У него всегда водились деньги, и матери он их не отдавал. Мать называла его «волчищей». Он и вправду чем-то походил на волка. То ли хищной, ползущей вверх улыбкой, то ли немигающим, прокалывающим взглядом светло-серых глаз. Робка знал, что Борька шился с ворьем, часто не ночевал дома, пропадал по нескольку дней и часто являлся выпивши. Ходил он в черном бобриковом пальто с белым шелковым шарфом, в хромовых, всегда начищенных сапогах, а на голове — кепочка с «иждивенцем». Так называлась пуговица, которую пришивали на «восьмиклинку». У него была своя компания, в которую он никогда не брал Робку, хотя был старше его на четыре года. В компании этой кружились ребята и моложе Борьки. Например, Гаврош. Он жил в бараке на Кадашевской набережной, отец у него был вор в законе и сидел уже третий срок, потому Гаврош пользовался особым уважением среди шпаны всего района, и даже взрослые блатные принимали его на равных.
В ограблении продовольственного магазина у Тишинского рынка Гаврош участвовал вместе с Борькой и еще двумя взрослыми парнями. Взяли их через неделю — попался барыга, который сплавлял краденое на той же Тишинке. Все трое получили приличные сроки: по восемь лет, а Гаврошу тогда еще не было шестнадцати, и, как несовершеннолетнему, ему дали три года условно. Больше всех не повезло Борьке — ему только стукнуло восемнадцать, и он сразу схлопотал срок на восемь лет.
- Если бы они частную квартирку грохнули, ну трешник от силы дали бы, — говорил Егор Петрович. — А за государственное мотают на всю катушку. Хорошо еще, что червонец не влепили.
Мать встретила беду мужественно. Ночью Робка слышал, как она плакала в подушку, сморкалась и что-то шептала, но на людях мать держалась спокойно, говорила жестко:
- Дураку наука будет. Ладно, бог даст, вернется.
Поди, в тюрьме тоже люди сидят.
Бабка очень убивалась, часто плакала и после суда надолго заболела. Робка бегал в магазин за молоком, выстаивал громадные очереди. Мать грела молоко, разбавляла медом и поила бабку с ложечки. Бабку потянуло на воспоминания. Говорят, так бывает с человеком, когда смерть на подходе и он эту смерть уже чует.
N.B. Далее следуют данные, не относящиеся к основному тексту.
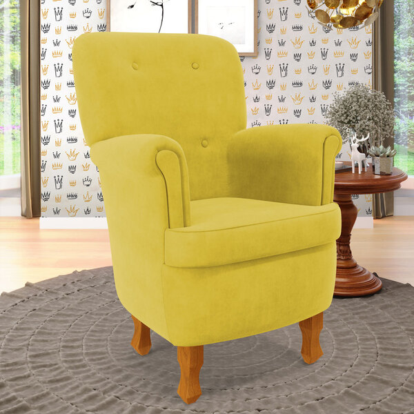 características do produto: madeira de eucalipto proveniente de reflorestamento fixação com grampos galvanizados espuma poliuretano d20 produto costurado revestimento: sued cor: amarelo tamanho: único possui pés: sim tipo de pés: pés de madeira de 18 cm possui 4 pés poltrona suporta até 90 kg embalagem: plástico bolha, papelão ondulado, malha, plástico garantia de 3 meses contra defeitos de fábrica.

Как правило, единственным слушателем бабки был Робка.
- Лампа в деревне у нас была... — вспоминала старуха, сморкаясь и утирая слезящиеся глаза. — Пятнадцать лет не меняли. Петруха ту лампу разбил. Чуть пожару не наделал. Все говорили, ох, не к добру, ох, не к добру — плохая примета. И точно, аккурат через неделю война началась... Ушел Петруха и как в воду канул.
- Батя наш старше Петр ухи был? — спрашивал Робка.
- Семен-то? Семен старше-ей! Семена-то я, посчитай, с тридцать шестого не видала. Как в город подался, так и закрутило батьку вашего. И чего ему в деревне не хватало? У нас там конура для Полкана и та поболе энтой комнаты была... Нешто так бы мы жили, если бы не эта окаянная коллективизация?.. А после война... Мужиков работящих в доме пятеро было! Бывало, за стол вечерять садимся, так цельный колхоз, хоть председателя выбирай!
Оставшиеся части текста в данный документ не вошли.